The Roosevelt Institute is a liberal American think tank. According to the organization, it exists "to carry forward the legacy and values of Franklin and Eleanor Roosevelt by developing progressive ideas and bold leadership in the service of restoring America’s promise of opportunity for all." It is headquartered in New York City.

History and overview

The Roosevelt Institute was created in 1987 through the merger of the Eleanor Roosevelt Institute and the Franklin D. Roosevelt Four Freedoms Foundation. In 2007, the Roosevelt Institute merged with the Roosevelt Institution, now known as the Roosevelt Institute Campus Network. It remains the non-profit partner to the government-run Franklin D. Roosevelt Presidential Library and Museum, the nation's first presidential library.
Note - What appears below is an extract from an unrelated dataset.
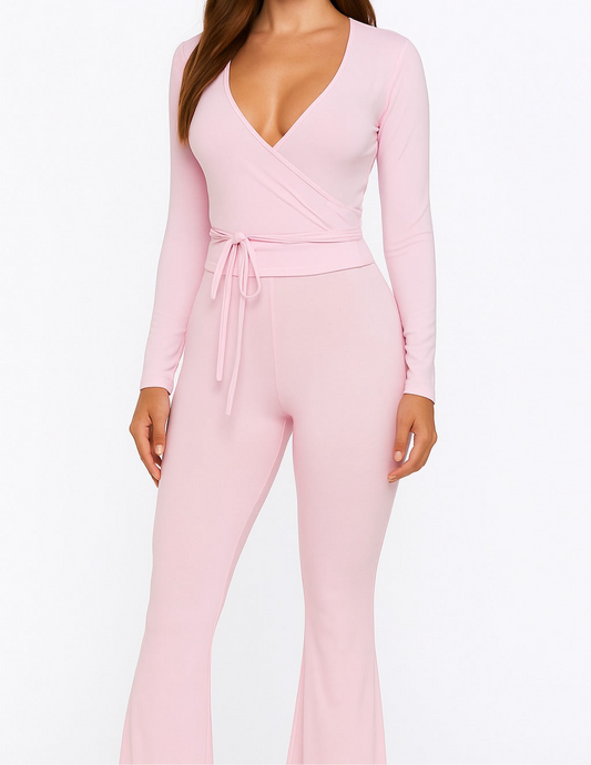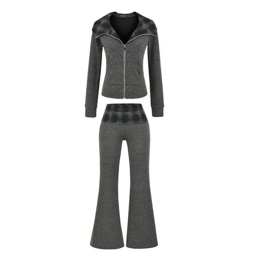 סט מכנסיים מתרחבים וג׳קט משובצים

In 2009, it expanded its mission with the launch of the Four Freedoms Center, a progressive policy think tank, and an economic policy blog.

Felicia Wong, formerly of the Democracy Alliance, became the organization's president and CEO in March 2012. In 2015, the Roosevelt Institute was added to the Democracy Alliance's list of recommended funding targets. Other donors to the Roosevelt Institute include the Ford Foundation, the William and Flora Hewlett Foundation, the MacArthur Foundation, and the Bauman Foundation.

Activities
Joseph Stiglitz is the Roosevelt Institute's chief economist. In 2015, a report authored by Stiglitz offered an indictment of 35 years of U.S. economic policies. Elizabeth Warren and Bill de Blasio joined Stiglitz at the press conference to announce the report. The 37 policy recommendations in the Stiglitz report include progressive taxation and an expansion of government programs.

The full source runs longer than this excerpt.